Едва уловимое движение отвлекло правителя от раздумий: в нескольких шагах от себя он увидел тусклый отблеск. В траве лежал оброненный кем-то нож. Машинально разглядывая лезвие, Кнутсон заметил на неровной мерцающей поверхности непонятное движение. Казалось, кто-то подглядывает оттуда, словно из щели между плохо положенными бревнами.

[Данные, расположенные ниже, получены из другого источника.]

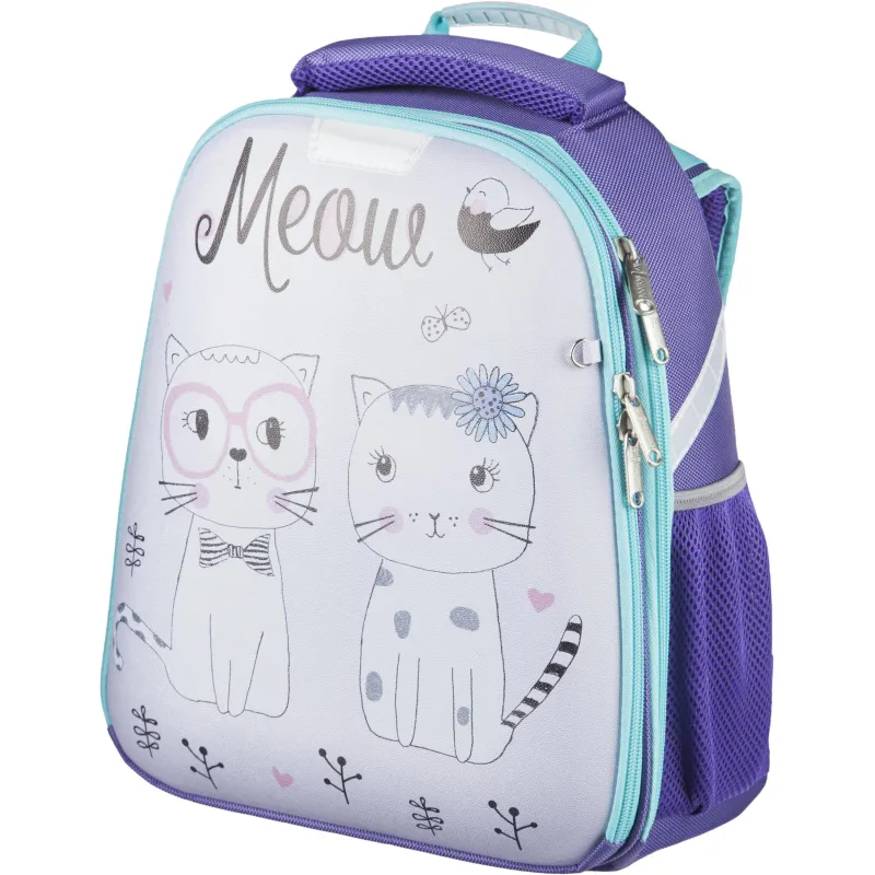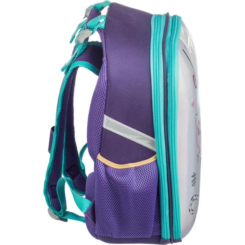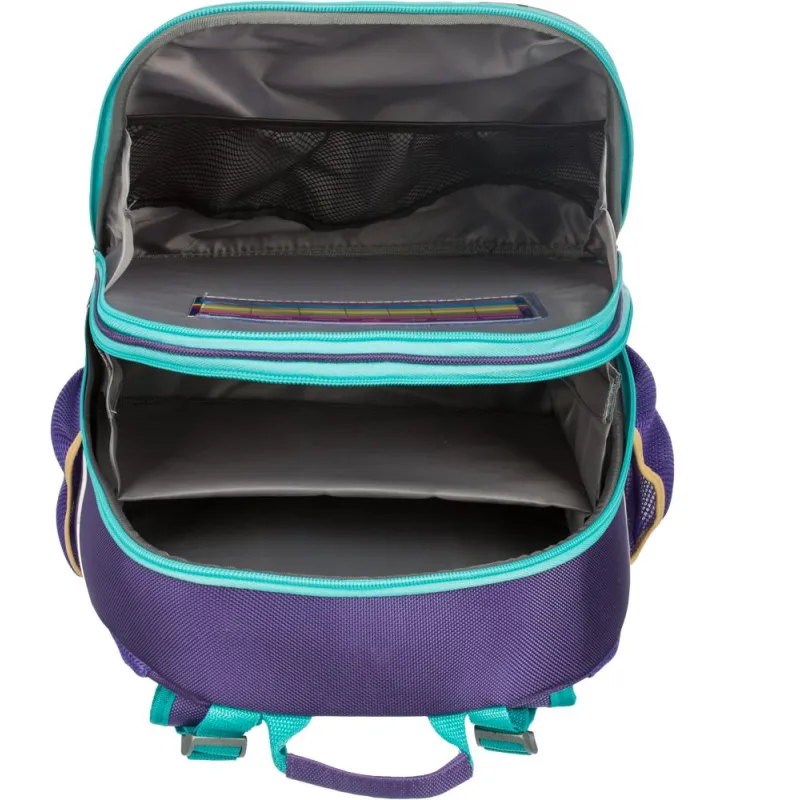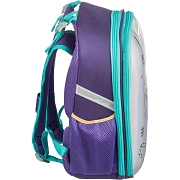 Ранец для девочки эргономичной обтекаемой формы. Жесткий каркас. Анатомическая спинка. Материал передней крышки ранца — блестящая износостойкая экокожа. Материал корпуса — прочный полиэстер. Ранец имеет два отдела на молнии. В основном отделении — гибкая перегородка, предназначенная для удобного хранения книг и тетрадей, и прозрачный карман с вкладышем для расписания уроков. Во втором — сетчатый карман и карман-органайзер. Дышащая спинка. Ранец оснащен двумя ручками: одна узкая, чтобы вешать на парту, вторая широкая и мягкая, чтобы удобно носить в руке. Широкие удобные лямки из воздухообменного сетчатого материала регулируются по длине и по спинке ранца — удобно подогнать под рост ребенка, что позволяет добиться наиболее комфортного расположения ранца на спине. Благодаря устойчивому дну и ножкам ребенку будет удобно находить нужные учебники и тетради. Боковые карманы-сеточки для бутылки и прочих аксессуаров. Плотное дно удерживает форму. Для безопасности ребенка в темное время суток предусмотрены светоотражатели на передней части ранца, на лямках и над боковыми карманами. Особенности: блестящая экокожа; объемные ушки из экокожи; брелок-пушок в комплекте. Размер: 280×150×360 мм.Цвет подкладки рюкзака может отличаться от варианта, представленного на фото.

Из близкого, но неосязаемого мира ему улыбалась светловолосая женщина. Кнутсон повертел клинок, стараясь поймать им солнечные блики, и наконец ясно различил большие зеленые глаза, лицо с широковатыми скулами – слишком нежное, чтобы быть реальным в суровой действительности, и слишком родное, чтобы оказаться игрой воображения. Что-то неясное, похожее на отцовские чувства, шевельнулось в его душе. «Кто ты?» – спросил он.
«Во мне твоя кровь. Я иду за тобой, но никогда тебя не догоню, – ответила женщина. – Я знаю: скоро ты разрушишь поселок, возле которого стоишь, и прикажешь заложить на его месте город… В котором я живу!»
Вскоре Кнутсон возвел на острове мощный замок, и новгородцам не удалось его отвоевать. Вокруг разросся шведский город, обнесенный каменной стеной, земляным валом и рвом.
Нож правитель унёс собой.
Тайна
Попав в раннем детстве в Карелию4, где родные снимали дачу, Олеся ощутила себя частью новой Вселенной, казавшейся простой и понятной. Эта земля вошла в ее сердце как двуликий, наполненный волшебством мир. Еще долго никакие впечатления не могли перекрыть своей силой отголосок эмоций, испытанных наедине со скалами, соснами, белыми мхами и озёрной гладью.
В то же время на другом краю Земли пухленький темноволосый школьник сгорбился у подножия высокой зеленой сопки. Он убежал от одноклассников и теперь сидел, опираясь руками о прибрежный песок. Крупные русые кудри спадали на лоб, шейные вены были вздуты. Заложенность и сдавленность в груди переходила в удушье. Тяжелее всего давался выдох. Из груди шел громкий скрипучий хрип.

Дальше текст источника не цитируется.